Peterson Builders
- Type: Privately held company
- Industry: marine construction
- Founded: 1933
- Defunct: 1996
- Headquarters: Sturgeon Bay, Wisconsin

= Peterson Builders =

Defunct American boat constructor

Peterson Builders Incorporated (PBI) was an American ship building company that constructed small to medium, naval and commercial ships and boats. The company mainly operated from a shipyard in Sturgeon Bay, Wisconsin. Spare parts and logistics were managed from Virginia Beach, Virginia and a ship repair operation in Ingleside, Texas made up part of PBI.

== Products ==
The company built submarine chasers, minesweepers, training craft, harbor security boats, patrol boats, landing crafts, tugboats, diving tenders, personnel boats, torpedo retrievers, salvage ships and sailboats. PBI built ships for the navies of the United States, the Netherlands, Burma, Iran, Ethiopia, Korea, Vietnam, Ecuador, Saudi Arabia, Philippines, the Dominican Republic, Thailand, Peru, Turkey, Greece and Liberia as well as the United States Army and National Science Foundation. The company was one of the United States Navy's prime contractors. They also constructed ferries and fireboats for local and state governments. In 1974, PBI produced a unique floating aquarium for the New England Aquarium. PBI built a crane barge for the Army Corps of Engineers in 1995.

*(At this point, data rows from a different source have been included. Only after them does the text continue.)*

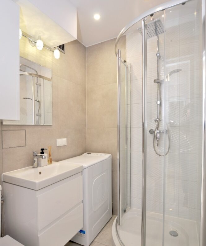 – Łazienka – kabina prysznicowa z deszczownicą, elegancka armatura, pralka, zabudowa meblowa
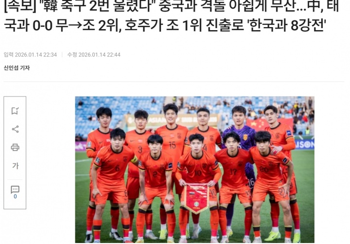 韩媒标题为:韩国足球两度饮恨与中国对决遗憾落空(中国0-0战平泰国获小组第二澳大利亚头名晋级将与韩国会师八强战)
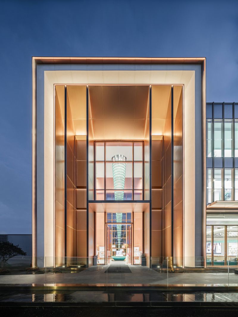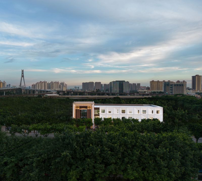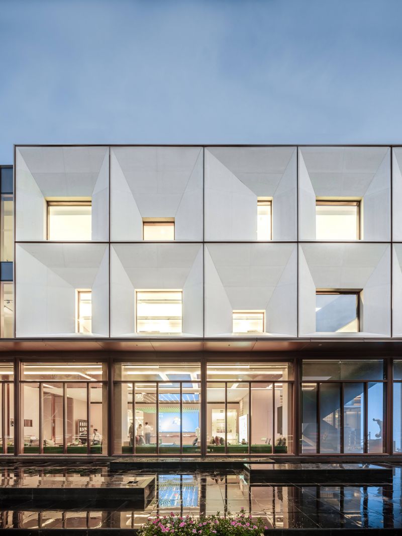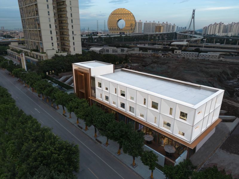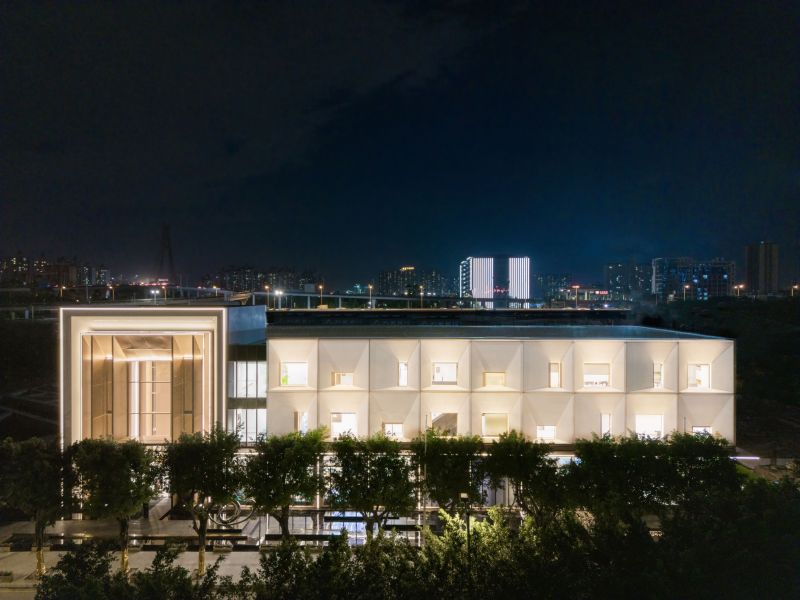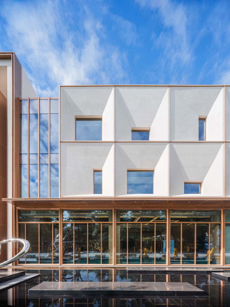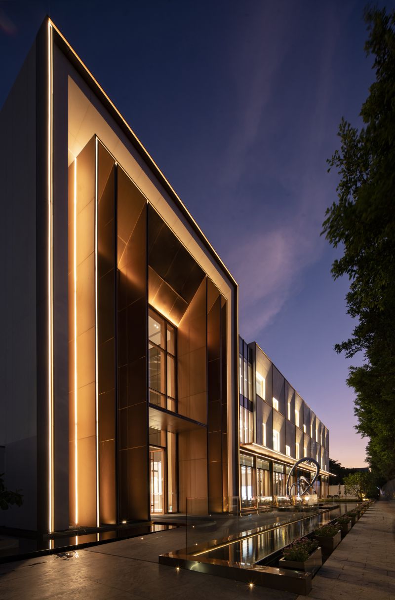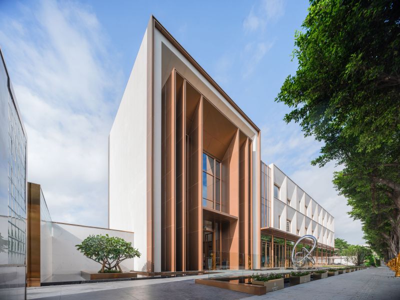 Bronze metal plates, as a local feature of Guanggang, is matched with white stone materials on the exteriors of the building through modern design strategies. The building is thus endowed with a unique temperament which contributes to a highly artistic atmosphere along with changing light and shadows.

Peterson Builders laid the keel for the schooner Denis Sullivan, a replica 19th century Great Lakes schooner that served as the flagship of Wisconsin from 2000 to 2022.

During the company's 65 years, the company delivered nearly 300 vessels that started with a fishing vessel. PBI was best known for the minesweepers constructed mostly during the 1950s and 1960s and in the late 1980s. While Peterson focused mainly on smaller vessels, they constructed several 300 ft long roll-on/roll-off ships for the American Heavy Lift Shipping Company and salvage ships for the US Navy exceeding 220 feet.

== End of business ==
On June 16, 1995, second generation owner and CEO Ellsworth Peterson, announced that the company was for sale. On September 25, 1995, Larry Maples announced his intention to purchase and operate the company under the name Poseidon Shipbuilding LLC. By November, however, Maple was reported unable to secure the necessary financing. PBI closed down in January 1996. All that remains of the Sturgeon Bay shipyard is a historical marker in what is now Graham Park. A girl's little league baseball field at Graham Park is named after the company (PBI Field).